Dis-inhibiting automation

The whole point of virtualization from Chiu’s perspective is automation, the bit about increasing utilization and adding scalability is all by way of taking the processes of automating functionality and automating them. Without those controls in place, he explains, this automation never happens. “You now have lots of administrators who need to access this environment – networking, storage, ESX, VM, desktop. And without being able to provide them the adequate levels of permissions for what they can do within the environment, but restrict them only to those permissions and specific resources they’re allowed to manage, and have that automatically built into the infrastructure, you end up having to put a lot of rigid controls in place.”

And CA Access Manager isn’t rigid? No, not with comparison to what Chiu sees every day. There’s an emerging practice called air gapping, a phrase borrowed from plumbing, where entire environments are kept intentionally non-networked to one another as a security measure. Perhaps less rigid is a policy of delegating lower-level admin authority over virtual environments to a trusted few, people who can be trusted to work overtime. Some executives hire family members for these critical jobs because, of course, you can always trust your family. Large organizations that should reasonably have 20 to 30 administrators on a nationwide level, end up having as few as two or three.

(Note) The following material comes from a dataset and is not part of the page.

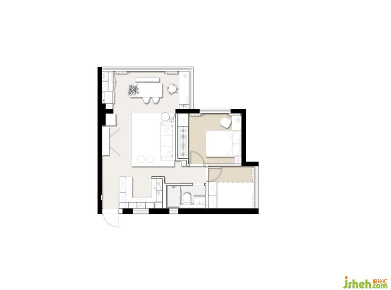 原始空间格局方正,但实际面积并不大,按原始格局的规划,客餐厅特别拥挤,阳台比例太大,和整体空间比例不协调。

[Screenshot courtesy CA Technologies]

“With proper automated controls in place, you can truly scale your environment,” remarks Chiu. One of CA’s and HyTrust’s pilot customers for the new Access Control is a globally recognized Fortune 25 insurance provider which had precisely this problem, said Chiu: It was incapable of scaling its virtual infrastructure up because it could not hire what it perceived as enough trustworthy virtual-level administrators.

“There are a lot of challenges that customers are going through, in terms of maturing in their use of virtualization, and creating IT-as-a-service,” the HyTrust president continues. “These challenges end up slowing down adoption… This is the first solution I’ve seen that addresses end-to-end needs of securing the virtual infrastructure that all these VMs now run on, as well as securing the virtual machines inside, while having all that be pre-built for dynamic, virtualized environments.”

The current Access Control is built around VMware and vCenter, though CA’s Vax says it’s a “non-issue” to extend it to cover other platforms as well, with the goal of being recognized as truly platform-agnostic. However, while there’s growing activity surrounding OpenStack and OpenNebula, HyTrust believes that broader industry adoption of these open source alternatives to VMware vCloud Director is at least two years away.